Under the Jute Packaging Materials (Compulsory use in Packing Commodities) Act, 1987 (JPM Act), the Government is required to consider and provide for the compulsory use of jute packaging material in the supply and distribution of certain commodities in the interest of production of raw jute and jute packaging material and of persons engaged in the production thereof and for matters connected therewith.

In pursuance of the JPM Act, the Government has decided that the following:-

1)   The following commodities may be reserved for jute packaging for the Jute Year 2015-16 (1st July, 2015 to 30th June, 2016), to the extent mentioned below:

Commodity

Minimum percentage to  be reserved for packaging in Jute

Foodgrains

*90% of the production

Sugar

20% of the production



*With the stipulation that in the first instance, the indents for the whole requirement would be placed for jute bags and in case jute mills would not be able to provide jute bags as per requisition, then a dilution upto 10% would be permissible by the Department of Food & Public Distribution.

2)   Sugar packed for export but which could not be exported, sugar fortified with vitamins, packing for export of commodities, consumer packs of 10 kgs and below for foodgrains and 25 kgs and below for sugar and bulk packing of more than 100 kgs may be exempted from the reservation order under JPM Act.
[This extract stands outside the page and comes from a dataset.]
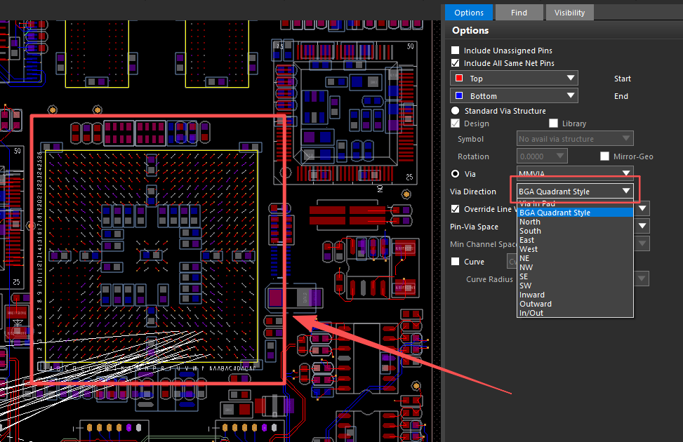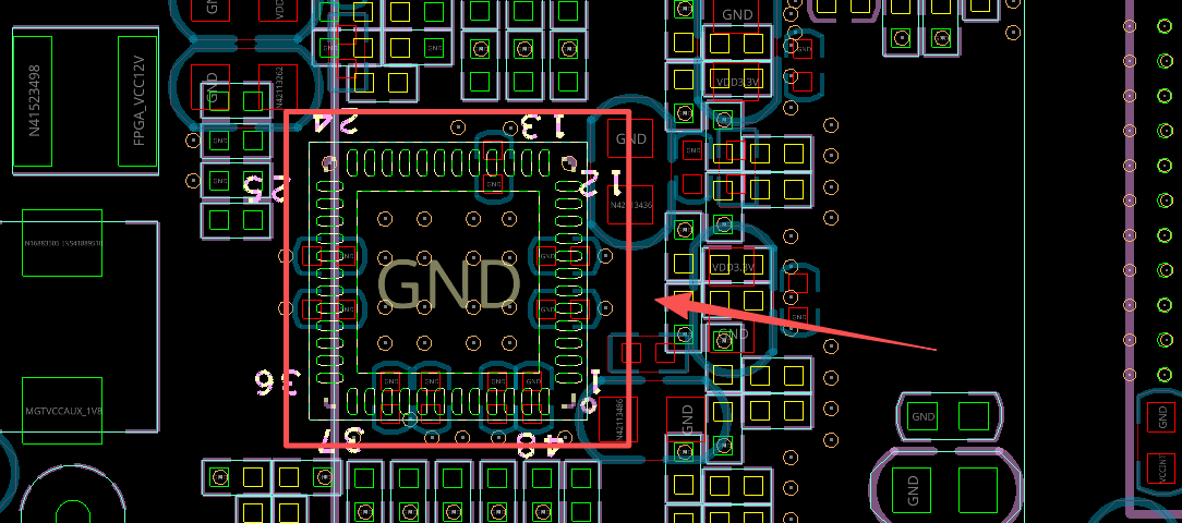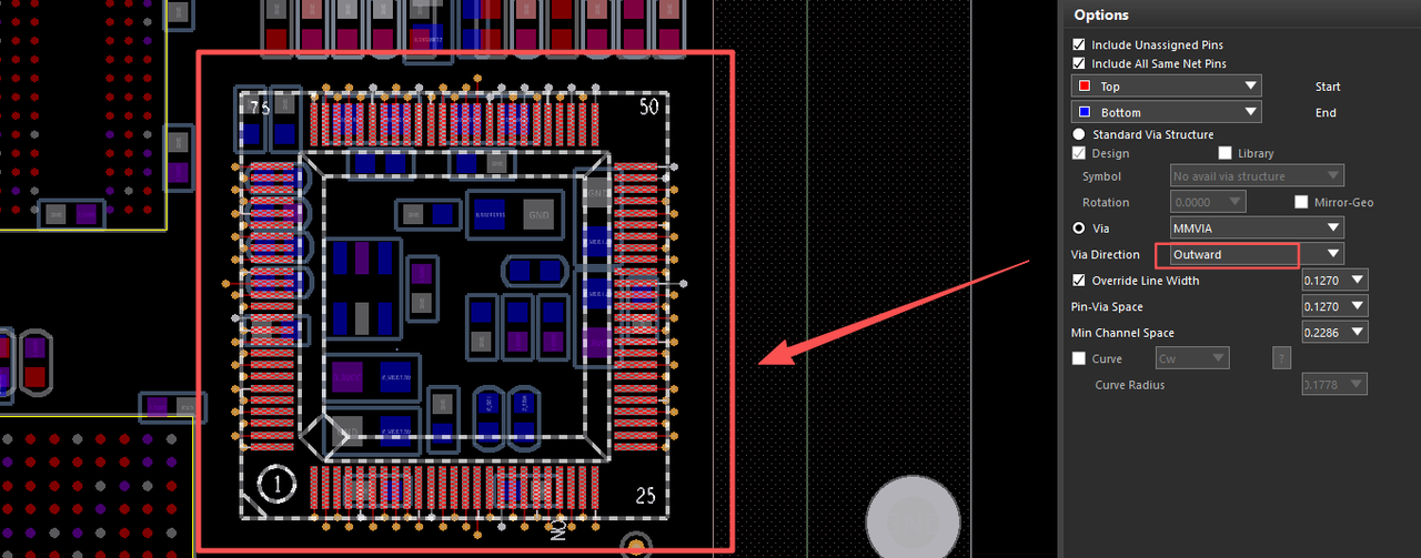 对于中间的散热焊盘,使用多个过孔阵列直接扇出到内地平面,提高散热和接地质量。对于四周的信号引脚,采用常用的向外扇出方式。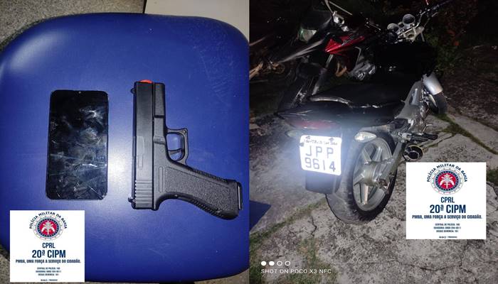 Na abordagem foi encontrado com o elemento conhecido como “Papel” um simulacro de pistola e um aparelho celular, além da motocicleta Honda Tuister preta de placa JPP 9614.

Further, Ministry of Textiles may relax the provisions for reservation upto a maximum of 30% of the foodgrains, over and above the norms prescribed.

3)   Consumer packs of quantity of above 10 kgs and upto 25 kgs for packing of foodgrains should be done in jute bags for distribution of foodgrains under Foodgrains Security Act subject to such bags being cost competitive as compared to HDPE/PP bags factoring in the subsidy/reimbursement provided by Government of India for packing of foodgrains.

4)   With a view to reducing the cost of jute bags all future orders of the Government shall be for lighter weight bags of 580 and 600 gms subject to conformity with relevant BIS standards.